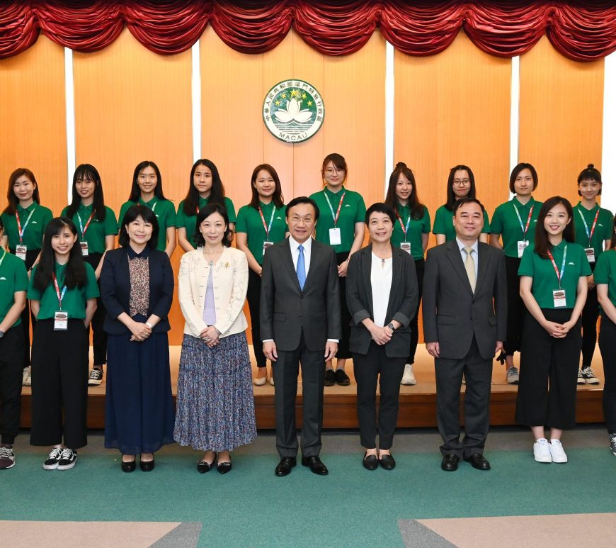 獲選參與“故宮博物院青年實習計劃2019”的16名澳門青年實習生7月12日啟程前,在文化局局長穆欣欣、副局長梁惠敏及高等教育局代副局長陳旭偉等的帶領下,前往政府總部向社會文化司司長譚俊榮辭行。譚俊榮祝願實習計劃圓滿成功,勉勵青年學生珍惜機遇、拓寬視野、學以致用,為澳門建成文化璀璨之城及大灣區建設發揮自己的力量;加強自身對國家和中華優秀傳統文化的認識,將來積極融入國家發展大局。
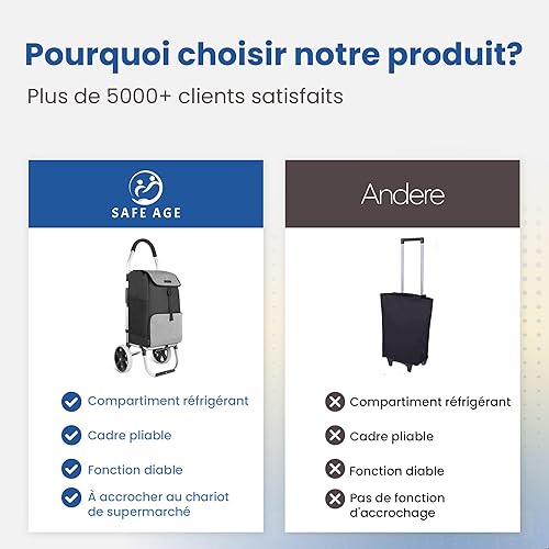 Chariot de Courses Safe Age® avec Compartiment réfrigérant et Fonction Diable - Chariot de Courses - Chariot - Pliable
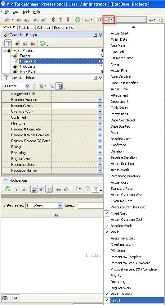 Task List or Task Tree, click Task List Columns or Task Tree Columns
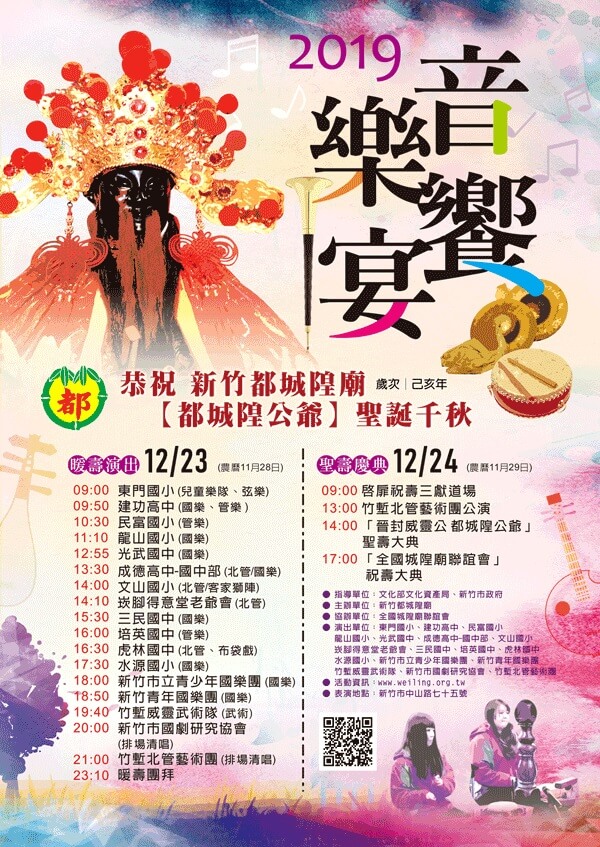 下圖為2019年【都城隍公爺】聖誕海報,分兩日進行,十一月二十八日進行「暖壽演出」,十一月二十九日則進行「聖壽慶典」活動。
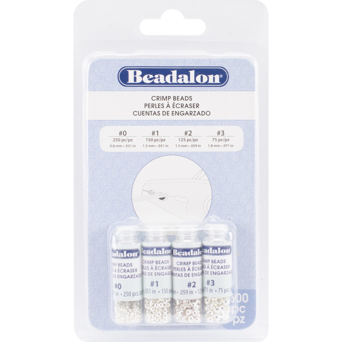 BEADALON-Crimp Beads. This package contains 600 silver plated crimp beads in assorted sizes for any home jewelry crafting project. Each size comes in a separate vial: 0, 1, 2 and 3. Imported.
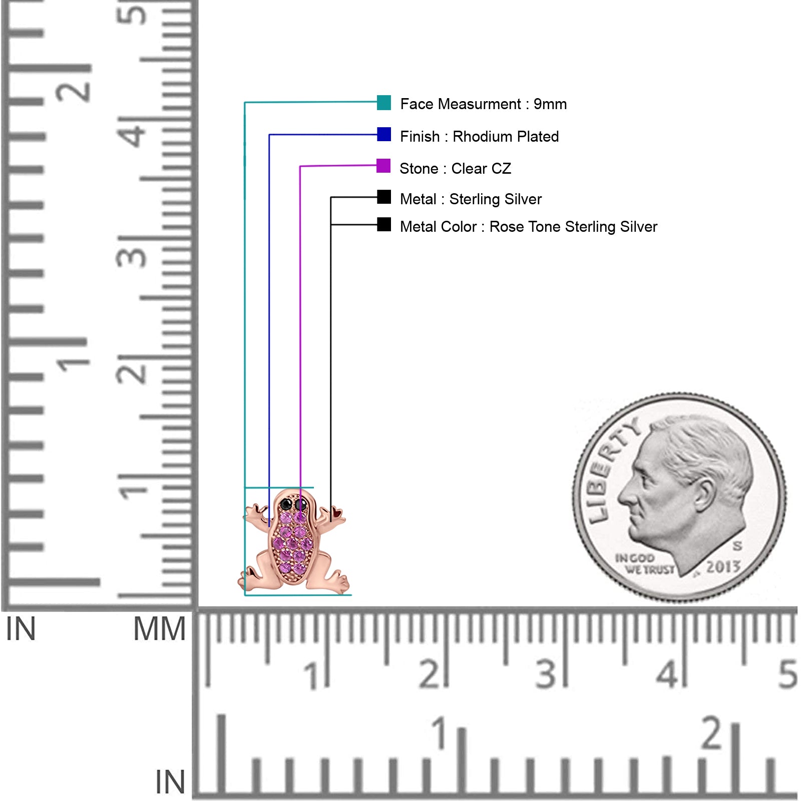 Frog Stud Earrings 9mm Cluster Cubic Zirconia 925 Sterling Silver

▶ _Problem to work on_
Please set down the records above verbatim, with each picture left out.

▶ _Problem solution_
 獲選參與“故宮博物院青年實習計劃2019”的16名澳門青年實習生7月12日啟程前,在文化局局長穆欣欣、副局長梁惠敏及高等教育局代副局長陳旭偉等的帶領下,前往政府總部向社會文化司司長譚俊榮辭行。譚俊榮祝願實習計劃圓滿成功,勉勵青年學生珍惜機遇、拓寬視野、學以致用,為澳門建成文化璀璨之城及大灣區建設發揮自己的力量;加強自身對國家和中華優秀傳統文化的認識,將來積極融入國家發展大局。
 Chariot de Courses Safe Age® avec Compartiment réfrigérant et Fonction Diable - Chariot de Courses - Chariot - Pliable
 Task List or Task Tree, click Task List Columns or Task Tree Columns
 下圖為2019年【都城隍公爺】聖誕海報,分兩日進行,十一月二十八日進行「暖壽演出」,十一月二十九日則進行「聖壽慶典」活動。
 BEADALON-Crimp Beads. This package contains 600 silver plated crimp beads in assorted sizes for any home jewelry crafting project. Each size comes in a separate vial: 0, 1, 2 and 3. Imported.
 Frog Stud Earrings 9mm Cluster Cubic Zirconia 925 Sterling Silver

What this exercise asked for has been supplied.